Lawyer Danny Gilbert, who led Woolworths’ own review into a decision (since shelved) into building a Dan Murphy’s liquor store in a suburb of Darwin, highlighted the “shifting sands of corporate purpose”.
“A challenge for companies is how they articulate their social responsibilities and accountabilities in the construct of the public interest, where the public interest cannot be left to the prevailing policy or legal settings of the day,” Gilbert writes in the review.
Wyatt also points out that Rio – which came under intense social and investor pressure following the destruction of the ancient Juukan Gorge caves in the Pilbara – had every government approval in place in respect of the explosions. At the same time, the penalties in place were clearly inadequate and more was demanded of Rio by its own investors, including an executive and board clean-out.
Chalmers, as Treasurer, knows the soaring inflation that Australia is now groaning under can be blamed on both sides of the ledger. Demand as well as supply side issues. Leading into the pandemic, the focus on interest rates was to spur maximum capacity, which set central banks on a path to slash interest rates.
The cost of money during the pandemic went to almost zero, which sparked the inflation fire. Here the scales were tilted in favour of the owners of assets away from the savers to protect the economy. A Canberra-backed call to drive wages higher without productivity gains is simply robbing the long-term wealth of the nation. A wages spiral further fuels inflation and, when the blunt force of rising interest rates hits, everyone is affected.
In calling for a renewing and restructuring of markets and economic institutions, Chalmers needs to move carefully. Deliver a sound framework, but let business and motivated investors get on with it.
Costs baked in: OZ
Copper miner OZ Minerals has highlighted how businesses are now facing a new, but critical phase of inflation: baked-in costs.
OZ Minerals CFO Warrick Ranson has warned that even as supply chain pressures have eased during the December quarter, “we don’t anticipate a major reversion in costs going forward, with suppliers likely to retain current pricing levels across a range of inputs”.
This effectively keeps the step-up in the costs OZ and other miners have experienced in place.
OZ is now facing a 60 per cent jump in its power costs as it comes off its fixed-term electricity pricing contracts.
“We don’t see a lot of inflationary relief in 2023,” says Ranson, following a quarterly update.
It may all be academic with BHP securing an agreed deal in November with OZ’s board for a sweetened $9.6bn buyout. A scheme booklet is to be sent to shareholders in March, with a shareholder meeting to be held in April. BHP seems to have picked the perfect timing for OZ, sealing its deal just before China’s economy started to regain traction
Copper prices have moved into 2023 with positive momentum, surging more than 11 per cent spurred on by China’s recovery, lower expected supply from Chile and historically low LME stocks. In total, the metal has surged 30 per cent from last year’s cyclic low.

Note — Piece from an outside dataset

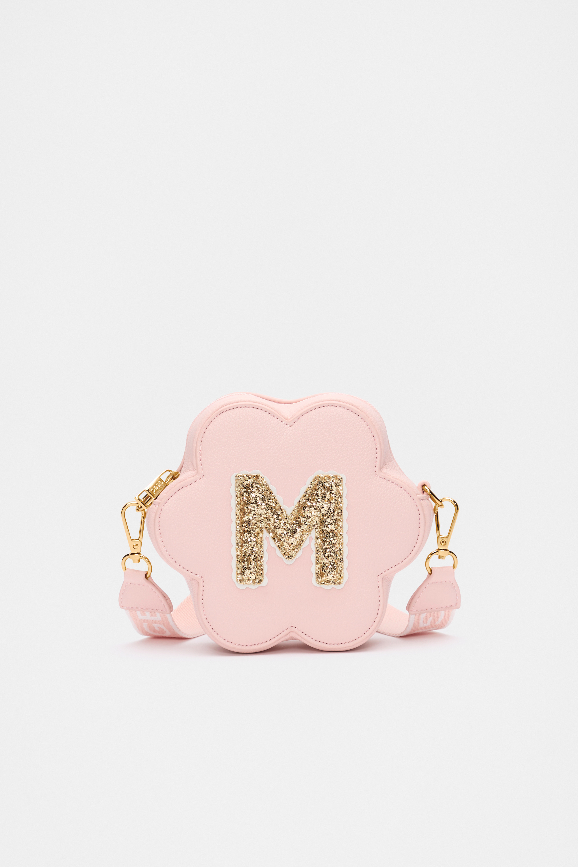 Stylish, fun, and personalised, this flower-shaped bag features a detachable crossbody strap with logo details, a top zip closure, gold-look hardware, and a glitter initial on the front. It also has a flower charm on the strap.

OZ chief executive Andrew Cole says the independent expert report will make a call on the pricing but the board’s unanimous recommendation to accept the bid “didn’t come lightly”.
“It’s based on deep and careful consideration of a range of factors. They include the OZ Minerals value on a stand-alone basis and that takes into account among other things commodity price forecasts, macroeconomic outlook, operational delivery, the (West Musgrave) project and the capital cycle we’re stepping into,” Cole says. BHP will supercharge its copper exposure through OZ, as the miner seeks to capitalise on “future-facing” commodities amid a renewables transition. OZ boosted its December quarter copper production by 21 per cent, marking its record quarterly output.
Brokerage JP Morgan expects copper could hit as much as 40 per cent of BHP’s earnings by the end of this decade from 20 per cent currently.